By combining the disparate information generated by my modeling approach and Dr. Topchlyo’s, one achieves a predictive result superior to that of any individual participant by 1.2% – as large as the winning margin in the competition. Moreover, no sophisticated tuning of the ensemble is required – a 50/50 average comes extremely close to the optimal result.

Ensembles are a cheap and easy technique that allows one to combine the strengths of disparate data science techniques or even disparate data scientists. Ensemble learning showcases the real power of Kaggle as a platform for analytics – clients receive not only the value of the ‘best’ solution, but also the superior value of the combined result. It can even be used as a management technique for data science teams (e.g., set one group to work collaboratively on a solution, set another to work independently and combine results in an ensemble, and compare – or combine – the results of the two teams). Any way you slice it, the core truth is apparent: two data geeks are always better than one.

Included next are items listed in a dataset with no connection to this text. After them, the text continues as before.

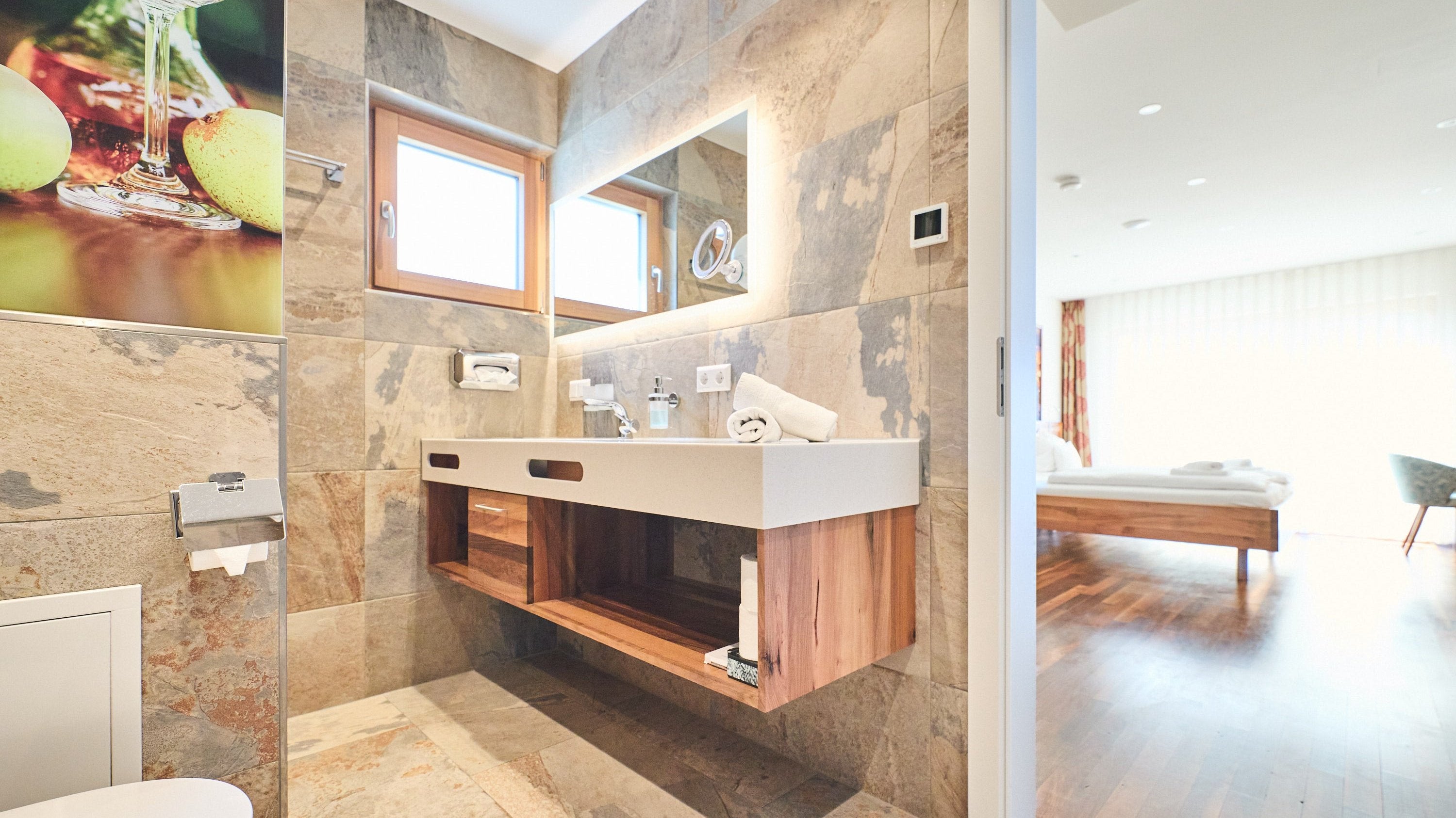 Our solid wood furniture completes the special living comfort of the double rooms.
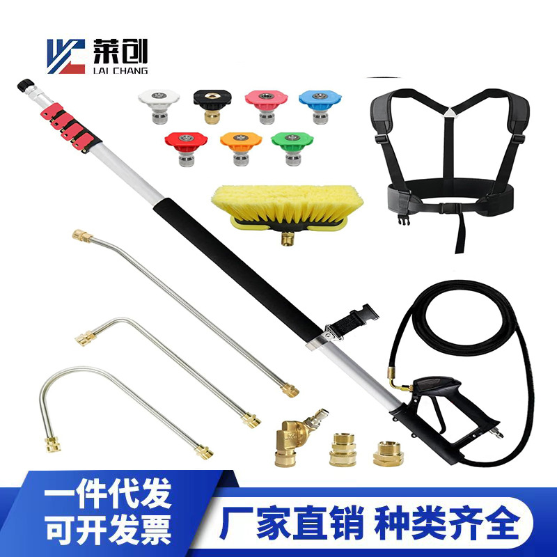 Pistol Air Tekanan Tinggi Batang Teleskopik Batang Pembersih Ekstra Panjang Empat/Lima Bagian Tali Punggung Pembersih Dinding Eksterior Batang Lengkungan Nozzle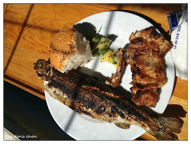 主食,烤羊腿肉配米饭,好饭店都很有个性,主食就这一种,没得选,但是真是美味啊,羊肉考得酥烂,连蒜头都又糯又入味,被我们扫荡一空,我想应该是每天的主菜都会不一样吧.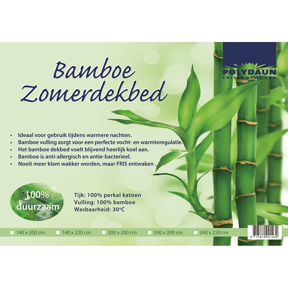Het bamboe dekbed is het luxe alternatief voor het katoenen zomerdekbed. Bamboe voelt van nature koel aan, maar is ook licht in gewicht en daarom uitermate geschikt voor warme nachten.

So what does this example tell us about how ensembles can be used to leverage large-scale computing resources to achieve faster, better, and cheaper predictive modeling solutions? Well, it shows (in a very small way) that computing scale should be used to make predictive models broader rather than deeper. By this, I mean that scale should be used first to expand the variety of features and techniques applied to a problem, not to delve into a few sophisticated and computationally intensive solutions.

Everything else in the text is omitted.